El sargento lo miró con un brillo de malicia en los ojos.

—¿No irás a decirme que a estas horas estás en la calle por asuntos profesionales?

—He visitado a un amigo y cuando hemos acordado…

—¿Sabes ya lo ocurrido?

—De ello hablaba con tus hombres, cuando has aparecido. Me estaban sometiendo a un interrogatorio. Supongo que la cosa ha sido seria. ¿Tan grave es la situación?

—Más de lo que te imaginas, Nicolás. ¡Ha sido una catástrofe! Los ingleses han apresado al rey y…

—Entonces, ¿el rumor es cierto?

—Y tan cierto: el enemigo está a las puertas de Orleans. Por lo que sabemos, en toda aquella zona sólo resiste Poitiers, que es una plaza bien fortificada. Hemos perdido miles de hombres y nadie se atreve a pronosticar lo que pueda ocurrir en los próximos días. Aquí, en París, la situación es muy complicada; los partidarios de Carlos de Navarra creen que ha llegado su oportunidad.

—¡Pero el rey de Navarra está preso! —exclamó Flamel.

—Lo que no significa que lo estén sus partidarios. Aquí cuenta con importantes apoyos. ¡Esto es un lío, Nicolás!
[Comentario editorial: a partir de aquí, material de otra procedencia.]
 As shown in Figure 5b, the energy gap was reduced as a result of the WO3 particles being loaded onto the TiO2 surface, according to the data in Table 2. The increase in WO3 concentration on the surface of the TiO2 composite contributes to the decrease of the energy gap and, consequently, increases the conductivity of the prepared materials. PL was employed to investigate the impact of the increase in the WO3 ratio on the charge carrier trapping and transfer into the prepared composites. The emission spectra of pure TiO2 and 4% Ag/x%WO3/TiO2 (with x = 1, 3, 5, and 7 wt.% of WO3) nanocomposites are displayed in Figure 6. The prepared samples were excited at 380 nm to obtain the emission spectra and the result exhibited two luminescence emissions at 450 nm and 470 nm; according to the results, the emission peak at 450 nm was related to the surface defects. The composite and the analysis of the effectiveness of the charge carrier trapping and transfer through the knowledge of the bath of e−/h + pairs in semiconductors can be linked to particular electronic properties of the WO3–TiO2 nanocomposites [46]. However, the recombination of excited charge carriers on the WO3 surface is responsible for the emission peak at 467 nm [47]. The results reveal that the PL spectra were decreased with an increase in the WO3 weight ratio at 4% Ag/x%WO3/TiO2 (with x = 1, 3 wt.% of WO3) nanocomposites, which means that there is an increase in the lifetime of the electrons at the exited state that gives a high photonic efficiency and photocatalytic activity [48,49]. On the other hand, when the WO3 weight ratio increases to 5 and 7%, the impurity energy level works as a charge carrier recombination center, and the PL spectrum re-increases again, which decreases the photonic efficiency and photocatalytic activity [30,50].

Los ingleses reclaman el trono porque su rey cree que deben prevalecer sus derechos sobre los del nuestro, ya que su madre era hija de Felipe IV de Francia, el Hermoso, y como todos sus hermanos murieron sin descendencia…
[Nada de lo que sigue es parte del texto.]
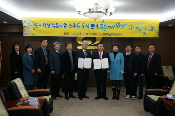 [대학저널 임지연 기자] 코리아텍(한국기술교육대학교, 총장 김기영)이 7일 천안시청에서 천안시(시장 구본영)와 ‘도시재생 뉴딜사업’ 스마트 도시 분야에 지속적으로 협력한다는 내용의 업무협약을 체결했다.

—¡Pero la ley dice que las mujeres no pueden reinar! ¡Es la ley Sálica, una antigua ley de la época de los francos!

—Sí, pero nada dice acerca de que puedan transmitir los derechos a un varón. Ese es el argumento de los ingleses. En cierto modo, es el mismo que esgrime el rey de Navarra. Reclama el trono porque es descendiente por línea directa del rey Felipe, y es nieto del mayor de sus hijos.

Flamel trató de recordar. El hijo mayor de Felipe el Hermoso había reinado como Luis X y sólo tuvo una hija que se llamaba Juana, quien se casó con el rey de Navarra; por lo que, siguiendo la ley Sálica, le sucedió en el trono uno de sus hermanos. Cuando el hijo de Juana planteó sus aspiraciones al trono, el rey Juan lo encerró en un castillo. En aquellos momentos Francia tenía un rey prisionero, cuyo hijo, el Delfín, era un joven inexperto, y dos aspirantes al trono. ¡Un verdadero lío!

—¿Cómo se ha producido tamaño desastre? —preguntó Flamel, que había encontrado en el sargento una mina para satisfacer su curiosidad—. Los rumores afirman que nuestro ejército era muy superior en número al del Príncipe Negro.

—Acabas de dar con la clave para lo que preguntas.

—¿La clave? ¿Qué clave?

—No te has referido al ejército inglés. Lo has hecho utilizando el nombre del Príncipe Negro. Dicen que sus hombres lo adoran, que lo seguirían hasta el mismísimo infierno si fuera menester. ¡Además es un gran estratega! Los ingleses se han movido con mucha más soltura y agilidad. Las noticias que nos llegan apuntan a que el papel de sus arqueros ha sido decisivo.

—¿Qué ha pasado con sus arqueros?

—Disparan a una velocidad extraordinaria. Quienes los han visto en acción afirman que mientras uno de nuestros ballesteros lanza un virote, ellos disparan cinco o seis veces. Sobre nuestra caballería, muy pesada en sus maniobras, cayó una verdadera lluvia de flechas.

—¡Que Dios y su Santa Madre nos protejan!

—Falta nos va a hacer, porque las noticias que llegan de otros sitios son que la gente anda soliviantada. En toda la zona de Beauvais los ánimos están muy alterados; los campesinos han atacado algunas haciendas. ¡Esto tiene mala pinta, amigo Flamel! Ordenaré a dos de mis hombres que te acompañen a casa.

—Hay peligro de que en París…

El sargento se encogió de hombros.

—La situación es tan complicada que toda prevención es poca. ¡No te entretengas hasta estar al resguardo de tu casa!